• _Requirement_: Taking the listing below, restate word for word each line from the line with "Průzkum MONETA Money" to the line with "1. С-4∙С-3 5. (С2)3 ∙ С5", ends included, and stop there.
BEGIN Data for review
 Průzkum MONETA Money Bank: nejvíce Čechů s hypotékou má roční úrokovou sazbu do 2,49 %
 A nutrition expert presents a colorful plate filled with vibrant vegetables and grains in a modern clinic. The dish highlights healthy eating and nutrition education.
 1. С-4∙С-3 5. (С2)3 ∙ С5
END Data for review
BEGIN Data for review
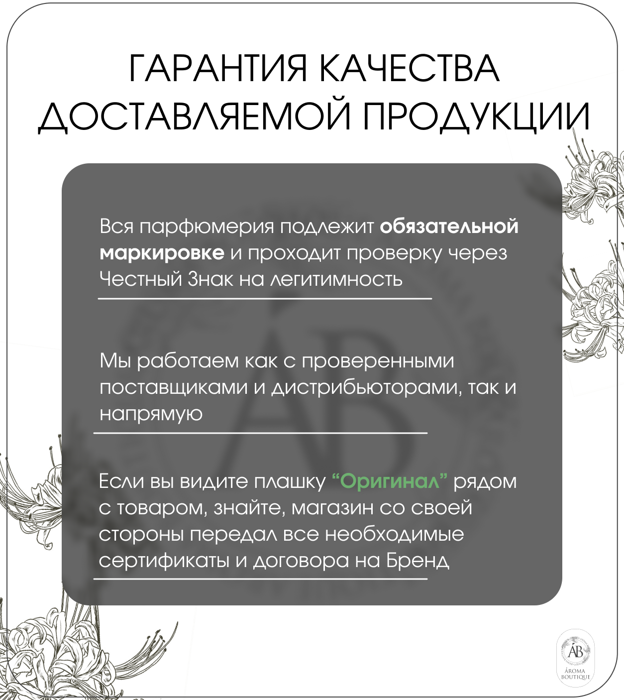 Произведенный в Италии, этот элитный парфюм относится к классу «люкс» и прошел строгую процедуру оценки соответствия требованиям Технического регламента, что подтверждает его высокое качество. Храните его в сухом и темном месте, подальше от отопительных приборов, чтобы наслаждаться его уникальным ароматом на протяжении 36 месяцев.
END Data for review
BEGIN Data for review
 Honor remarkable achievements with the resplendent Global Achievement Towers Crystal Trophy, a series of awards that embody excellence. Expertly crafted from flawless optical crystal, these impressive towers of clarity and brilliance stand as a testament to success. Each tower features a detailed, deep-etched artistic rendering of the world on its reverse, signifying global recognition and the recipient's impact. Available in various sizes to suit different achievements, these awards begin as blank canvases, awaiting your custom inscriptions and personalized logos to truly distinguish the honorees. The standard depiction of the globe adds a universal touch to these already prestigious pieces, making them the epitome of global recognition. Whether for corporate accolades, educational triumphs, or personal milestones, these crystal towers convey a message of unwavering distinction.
END Data for review
• _Solution to the exercise_:
 Průzkum MONETA Money Bank: nejvíce Čechů s hypotékou má roční úrokovou sazbu do 2,49 %
 A nutrition expert presents a colorful plate filled with vibrant vegetables and grains in a modern clinic. The dish highlights healthy eating and nutrition education.
 1. С-4∙С-3 5. (С2)3 ∙ С5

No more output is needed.